Some other, particularly interesting, results were observed through comparison of primary tumors with metastases in the present study. FLG2 (filaggrin 2, OMIM no. 616284) was mutated in all studied primary tissues, but in none of the paired metastatic lesions. Together with the very low level of its expression in lung carcinomas and moderate expression in pancreatic adenocarcinoma, reported previously (www.proteinatlas.org), this observation requires further research. Present study results also correspond with the previously reported role of FLG2 mutations in early stages of carcinogenesis as they have been found in precancerous lesions but not in gastric adenocarcinoma or peritoneal gastric cancer metastases [49]. FLG2 was recently listed among “untouchable genes” with a deficit of loss-of-function mutations, suggesting that these genes may provide tumor cells with a survival advantage and eventually serve as alternative therapeutic targets [50]. The present study strengthens this assumption and provides a lead for subsequent studies aimed to control the PDAC metastasis process.

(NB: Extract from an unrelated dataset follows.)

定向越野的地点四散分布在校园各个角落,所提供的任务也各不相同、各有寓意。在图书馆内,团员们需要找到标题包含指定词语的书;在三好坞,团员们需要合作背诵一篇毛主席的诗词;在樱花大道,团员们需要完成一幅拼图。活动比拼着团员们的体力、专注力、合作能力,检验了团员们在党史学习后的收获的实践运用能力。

Complementing sequencing data with ddPCR assessment of the most common KRAS G12V variant improved the detection rate of overall KRAS mutation frequency from 60% to 80%, a rate comparable to the previously published data [10,11,12,13,51]. This also demonstrates the necessity to consider the use of techniques with higher sensitivity over conventional next-generation sequencing, including the publicly available whole-exome or -genome profiles, for assessment of key drivers in cancers. Although visual inspection of raw data with IGV was able to improve the detection rate by the next-generation sequencing method, such inspection is not routinely performed and cannot be considered accurate without further confirmation, e.g., by ddPCR.

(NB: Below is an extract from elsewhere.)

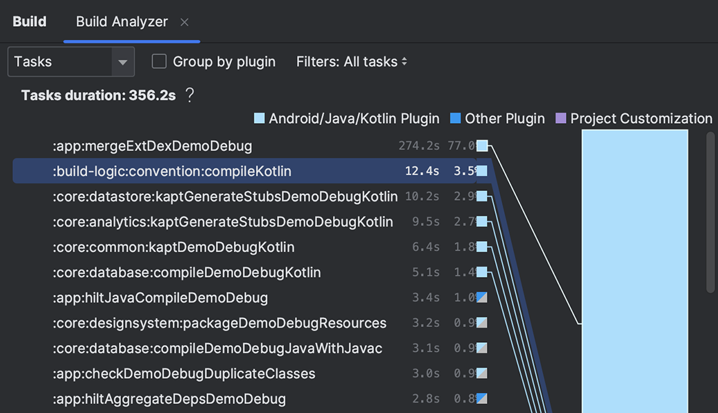 Powered by Gradle, Android Studio's build system lets you to customize your build to generate multiple build variants for different Android devices from a single project. Then analyze the performance of your builds and understand where potential build issues exist in your project with the Build Analyzer.

Our study has some limitations and benefits. First, the modest sample size may be seen as a limitation. This was unavoidable as a single center does not have access to large numbers of surgically treated PDAC patients with both primary and distant pulmonary metastatic lesions available for research. Alternatively, a multicentric design could bring more heterogeneity in sample processing and storage, surgical procedures, and follow-up of patients. On the other hand, long-term follow-up of patients enabled the present study to address differences between short- and long-term survivors of PDAC. Considering the published differences in median survival between patients with solitary pulmonary metastases (81.4 months), multi-organ metastases (23.4), and non-pulmonary metastases (15.8) [9], it is intriguing to study the genetic background of long survival enabled by the present study. Moreover, collections of patients with metachronous pulmonary metastases, which developed after radical resection of primary tumors, are extremely rare. Second, FFPE samples are known to be a source of sequence bias, especially overestimation of C > T transitions (n.b., these are manifested as C > T and G > A in the Human Genome Variation Society (HGVS) syntax depending on the strand orientation of the particular gene) due to the formation of cross-linking by-products during long-term storage [52]. Although several studies attempted to deal with this fact [53,54], it remains a currently unresolved issue [55] and the process of DNA isolation and further analysis must be carefully optimized for each application [56,57]. In the present study, sequencing artifacts were removed by the FilterMutectCalls tool (part of the GATK pipeline) that calculates orientation bias using a read orientation model. At last, the gene panel instead of the whole exome or genome was assessed. Given the modest sample size and expected mutation frequencies, highly mutated genes in PDAC and LUAD (target tissues of both inspected lesions) complemented with the frequently mutated pan-cancer driver, and druggable or clinically actionable genes were studied to allow comparison of small subgroups of patients divided by survival and metastatic site. Whole-genome or -exome sequencing approach in larger sample sets will be needed to evaluate the importance of rare somatic variants, including copy number variations.

5. Conclusions

In conclusion, this study provides a unique somatic mutation profile of a rarely studied subgroup of PDAC patients and contributes to the concept of precision medicine of this cancer.